Frappe or Chiacchiere made at home, to sweeten our Carnival along with the recipe for spoon castagnole. There are many variants and names for frappe, but I want to share my tried-and-true recipe that will give you very crispy and light frappe.
It’s a simple dessert made with few ingredients but with a unique taste. A crispy and delightful dessert, perfect as a post-meal treat or an afternoon snack. A unique dessert that, unfortunately, we eat too little during the year.
This recipe was passed down to me by my grandmother, and all my friends who tried it had no doubts: these frappe are amazing.
They are strictly fried, but I assure you that few will notice because it is a quick frying process that, being very thin, makes them crunchy and keeps them dry.
For those who love kneading and making their own desserts at home, I also recommend
- Difficulty: Easy
- Cost: Inexpensive
- Preparation time: 25 Minutes
- Portions: 8
- Cooking methods: Stovetop
- Cuisine: Italian
- Energy 1,437.47 (Kcal)
- Carbohydrates 53.29 (g) of which sugars 8.71 (g)
- Proteins 7.97 (g)
- Fat 131.58 (g) of which saturated 20.05 (g)of which unsaturated 106.74 (g)
- Fibers 1.55 (g)
- Sodium 11.81 (mg)
Indicative values for a portion of 130 g processed in an automated way starting from the nutritional information available on the CREA* and FoodData Central** databases.
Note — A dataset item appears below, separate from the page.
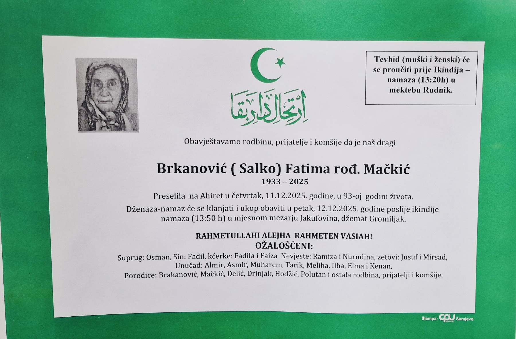 Dženaza-namaz će se klanjati i ukop obaviti u petak, 12.12.2025. godine, poslije ikindije-namaza (13:50 h), na mjesnom mezarju Jakufovina, džemat Gromiljak.
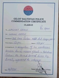 غذر کے گاؤں رؤشن کے چرواہے انصار، محمد خان، محمد اکبر اور وصیت خان نے بہادری کی روشن مثال قائم کردی ہے ۔

It is not food and / or nutritional advice.
* CREATES Food and Nutrition Research Center: https://www.crea.gov.it/alimenti-e-nutrizione https://www.alimentinutrizione.it ** U.S. Department of Agriculture, Agricultural Research Service. FoodData Central, 2019. https://fdc.nal.usda.gov
Ingredients for Dough
The ingredients for the frappe are simple; the key is to add a bit of pure food-grade alcohol to ensure crispiness. If you don’t have pure alcohol at home, you can substitute with a strong liquor like grappa or vodka.
- 4 cups all-purpose flour
- 1 egg
- 1 tbsp sugar
- 3/4 cup dry white wine
- 2 tbsps lard
- to taste lemon zest
- 1 shot pure alcohol (or grappa)
- 1 tsp baking powder
- 1 liter vegetable oil (for frying)
- to taste vanilla powdered sugar (for dusting the frappe)
Tools
- Stand Mixer
- Pasta Machine
- Pastry Wheel
Typically, I make the dough by hand, but you can use the stand mixer with a flat beater attachment.
For rolling out the dough, I use the “nonna papera” or the pasta machine, using only the sheet maker.
To cut them into strips and make them prettier, I recommend using the pastry wheel.
PREPARATION
Pour the flour in a mound on a work surface or insert it into the stand mixer with a flat beater attachment.
Add the whole egg, the tablespoon of sugar, and gradually the rest of the ingredients in the described order.
You’ll get a dough similar to fresh pasta, non-sticky but soft.
Roll out the dough by hand with a rolling pin or simplify it by using the pasta machine to a thickness of about 1/12 inch.
The frappe should be quite thin.
Cut the dough into strips and fry the frappe in plenty of oil.
Drain the frappe on absorbent paper and let them cool.
When the frappe are cooled, sprinkle them with vanilla powdered sugar and enjoy!!!
Notes
The frappe keep well for several days if stored covered in boxes with a lid or sealed with plastic wrap. My advice, if you decide to store them, is to dust them with powdered sugar just before serving. You can also coat them with a bit of melted dark chocolate to make them even more delicious.